Recognising Wonderful Women
The Games' 1934 Visit to Lightning Ridge
In May 1934, in their respective roles as Patron of the Bush Nursing Association (BNA), Lady Gwendolen Game (d. 1972) and her husband Sir Philip Woolcott Game (1876-1961), visited Lightning Ridge Cottage Hospital in north-west NSW with their children Rosemary and Philip.
A rural health service established in Australia in 1911, the BNA in Lightning Ridge began when one nurse arrived in 1914 and started living in the local hotel. The Cottage Hospital was built the following year, and the BNA only grew from there. It went on to become one of ten longest running services in NSW and the only one that still supported two nurses when the scheme was absorbed into the Health Commission’ in 1975.
The Game’s visit to Lightning Ridge was part of a wider Vice-Regal tour of Western NSW. Coinciding with the height of the Great Depression, Sir Philip was appointed Governor of NSW in 1930. As one in three breadwinners were out of work and Australian families struggled to make ends meet, he requested that his salary be reduced as a personal contribution to economic recovery.

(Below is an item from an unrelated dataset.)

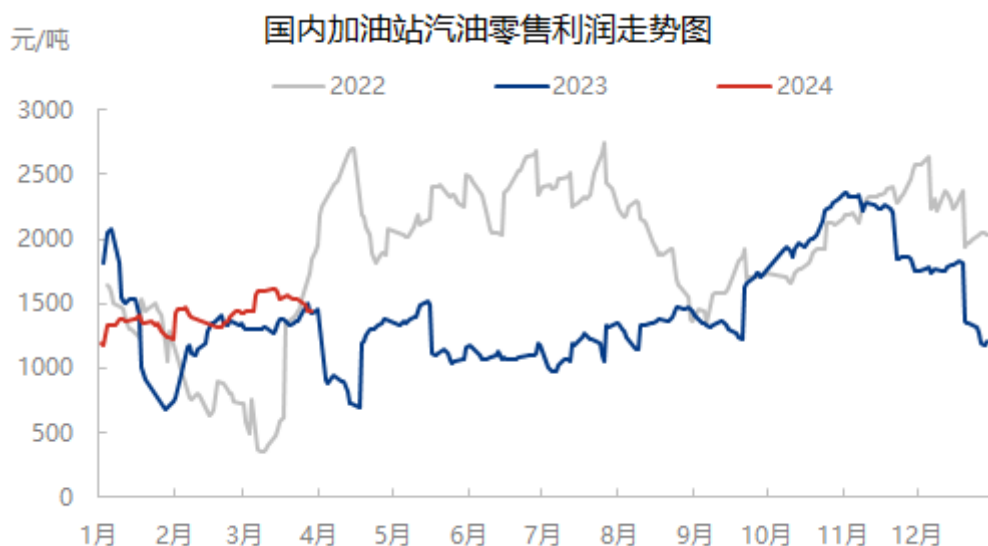
图表 3 中国加油站汽油零售理论利润

This principled decision may have earned the warm welcome given at Lightning Ridge from Sister Septima Jones, a recently registered BNA nurse from Kyneton, Victoria, pictured with the Game family. The very presence of Lady Game also helped garner the party’s energetic reception.
A strong supporter of women, Lady Game took her role as Patron of the BNA seriously. When giving her response at the Vice Regal Luncheon held in Lightning Ridge during the visit she praised the local women saying, ‘I … take the opportunity of expressing my admiration for the wonderful women of the west. … The mothers and wives have created the west. Their courage and fortitude even under most adverse conditions fill me with the deepest admiration.’
Later that year, she published a book of poetry and speeches which she dedicated to the women of NSW with proceeds going to the District Nursing Association. It was considered ‘a fine record of the great interest taken by this lady in all matters of social welfare.’